I never thought that I would finally leave the hospital. It felt like I would be in that bed forever. But two weeks later, here I was, on a plane to the ocean with my mother on the seat next to me.
My cellphone buzzed in my hand. I knew I only had a few minutes before I would have to turn it off so that the plane could take off.
Chris: I’m really gonna miss u.
I typed as fast as I could, not wanting to waste a minute.
E.J: Gonna miss you 2. Thnx 4 everything. I will write. Promise.
Chris: You better.
E.J: Lol. Yeah. ;)
Chris: I love u…
E.J: Luv u 2. Come visit soon.
Chris: Not even death would keep me away.
I smiled but I did not answer back.
Chris and I had an understanding. He came to visit me yesterday to say goodbye. We would just be friend. I would always love him, and I guess he would always be in love with me. But way too much has happened, and I’m still not even sure I’m gay. For now I just want a normal life. One full of promise and a college education as soon as I graduate. No boyfriends or girlfriends. No sex.
My phone buzzed again.
Brody: Good luck dude! Hope ur ass heals up nicely!

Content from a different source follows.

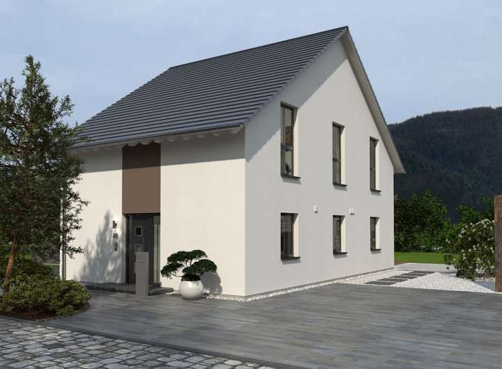 Offenheit, Helligkeit und Großzügigkeit - dadurch zeichnet sich unser Design 28 aus. Vor allem der große Wohn-Ess-Koch-Bereich, der direkt über die Diele betreten werden kann, wird durch die zahlreichen Fensterfronten und den großzügigen Schnitt zu einem Lieblingsort für Familie und Freunde. Das Raumangebot Parterre wird abgerundet durch einen Hauswirtschaftsraum, Gäste-WC mit Dusche sowie ein Arbeits- bzw. Gästezimmer. Ein weiteres Highlight: die Treppe, die in den Wohnbereich integriert ist und von hier in die Privat- und Rückzugsräume der Familie führt. Über die lichte Galerie geht es direkt in die beiden Kinderschlafzimmer und das große Badezimmer mit Dusche, Wanne und WC. Auf der Rückseite der Treppe: das Reich der Eltern. Diese verfügen über ein großes Schlaf- und ein sich direkt anschließendes Ankleidezimmer. Auf einer Fläche von rund 158 m² finden Familien hier unter einem zeitlos-eleganten Satteldach alles, was das Herz begehrt.

E.J: Lol. Only u would say that. Don’t scare the nurses with that face of urs.
Brody: Yeah Joker!!! I might decide to give old Hazel a heart attack with it somewhere in the dark with it 2night.
E.J: Shame. Ur a devil!
Brody: U know it dude! Good luck! Cum visit soon!
E.J: Sort out ur face first. U might scare me.
I smiled at the outraged emoji he sent as reply.
If it had not been for Brody I had no idea how I would have gotten through the last two weeks. I would have probably died of boredom. Luckily Brody had an amazing sense of humor and as he said, if my ass wasn’t all bandaged up with stitches and he wasn’t straight, he would have proudly done me. I replied that if his face wasn’t covered in molten wax and I was sure I was gay I would have probably done him. It was all a joke and others would probably not have thought we were funny, but it was hilarious to us.
“It’s time to turn off your phone honey,” my mom said from beside me.
She hadn’t spoken much since she came. She asked me to tell her everything and I did. She has been crying ever since. I don’t blame her. She should know that. I do however think she blames herself. Not that she should.
She didn’t tell me what happened to James’ body and I never asked. Maybe I didn’t want to know. All I wanted to know that where I was going there would be a new start without old memories I would have to look into. I asked her to put everything that was in my room in storage. I don’t want to see any of the old memories. Maybe I would be strong enough someday, but I just wasn’t there yet. She promised me a shopping spree as soon as I was up for it. And I am up for it as soon as this plane lands.
I will never be rid of all the memories, or even the pain. It will probably last forever. But I can choose to carry on with my life, whatever that may entail. I have learned that sometimes heroes come in the most amazing forms and that monsters sometimes get rid of themselves. Then you are only left with your own inner demons. And they haunt you. They don’t go away. Mine still gnaws on me every night before I fall asleep with the help of a clever little pill my doctor prescribed. But there will be a day where I will be able to sleep without it and not get nightmares. I am sure of that. Like Shelly said. I am lucky. I will heal.
Maybe one day I will come back. Not for the foreseeable future… but someday at least. For now I want the one thing I think I do deserve. Normality and happiness. And remembering that nothing should ever be hidden behind drawn curtains.